What is the most important lesson you have learned over these past 25 years that HIV researchers and policy makers should keep in mind as we move forward?
|"It's taken a long time for people to realize that you have to elicit this natural immunity...which has to be done with a vaccine." |
The important lesson is: "An old dog doesn't learn new tricks." Unfortunately, the field is paralyzed by people who come in with an impression from old studies (even young people from reading the literature) and aren't open to a new challenge. This is the first infectious disease we have had to fight by controlling the infected cell in body fluids. Very little attention is given to that. They're always thinking in terms of free virus. Then, you have a virus that exists in many different shades and colors. I think they are very reluctant to take a lesson that we have embraced, which is the natural or innate immune response, which is the earliest response to the virus. We've been emphasizing that from the end of the '90s, when it suddenly hit me that we were looking at innate immunity. It's taken a long time for people to realize that you have to elicit this natural immunity, which we hardly learned about in medical school, which has to be done with a vaccine. Absolutely with a vaccine. That gives time for the immune system to develop a memory to fight this infectious agent. You need, as far I'm concerned, to boost this immunity with treatment, and no company wants to do immune-based therapies. Too complicated.
Do you think that HIV has fundamentally changed the way that we think about and research infectious disease?
Maybe it has now, but it took 25 years. For the majority of researchers, there was a lack of attention to the infected cell, to the innate immunity, to drugs that will help and not harm people, to a microbicide that won't kill the infected cells but prevents them from contact, because if they kill the infected cell they are going to kill vaginal cells. It took them a long time to learn that. I think all the misguided directions have brought people to now say of the vaccine that we've got to fund new research. It's a constant theme.

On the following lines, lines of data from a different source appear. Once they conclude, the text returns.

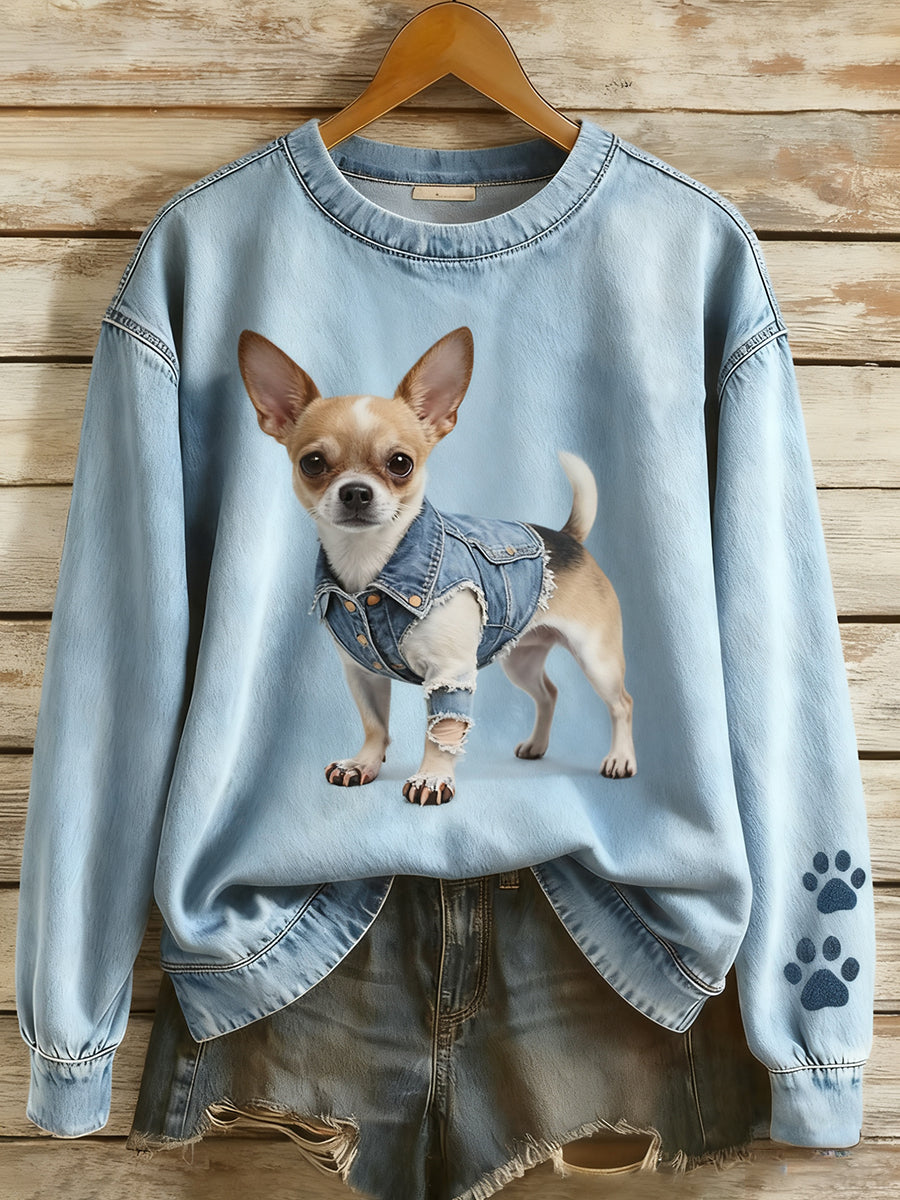 Dámské vintage umění zvířecí tisk útulný pletený svetr
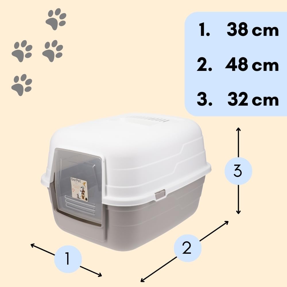 Damit du und deine Katze lange Freude an diesem hochwertigen Produkt haben werdet. Die Haube bietet Ihrer Katze die nötige Privatsphäre und reduziert gleichzeitig die Streuverteilung, sodass Ihr Zuhause stets ordentlich bleibt. Gönnen Sie Ihrer Katze das Beste und Ihnen selbst mehr Komfort mit unserer fortschrittlichen Aktivkohlefilter Katzentoilette. Du wirst die einfache Reinigung, die geruchsneutrale Umgebung und das ansprechende Design zu schätzen wissen, und deine Katze wird den Komfort und die Privatsphäre lieben. Entscheide dich für Qualität, Funktionalität und Bequemlichkeit mit diesem erstklassigen Katzen WC – eine Investition, die sich lohnt!
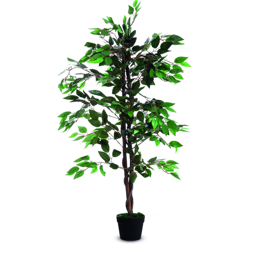 Pianta artificiale Ficus in poliestere con tronco in legno altezza 120 cm.

What are some findings from HIV research that could potentially benefit research into other diseases?
We were the first to show that CD8+ cells can control HIV without killing the infected cell, and now it has been shown for hepatitis viruses, herpes virus. It's now more commonly seen. It may be a major mechanism.
What have you drawn from the experience?
I would have to say it's been meeting an incredible number of infected people. They come to my lab every month and donate blood and are interested and supportive. I dream of the day that we can put all of them in one room--my room here, the lab--and take a picture because we have found what I think is the secret to survival, which is the CD8+ antiviral factor.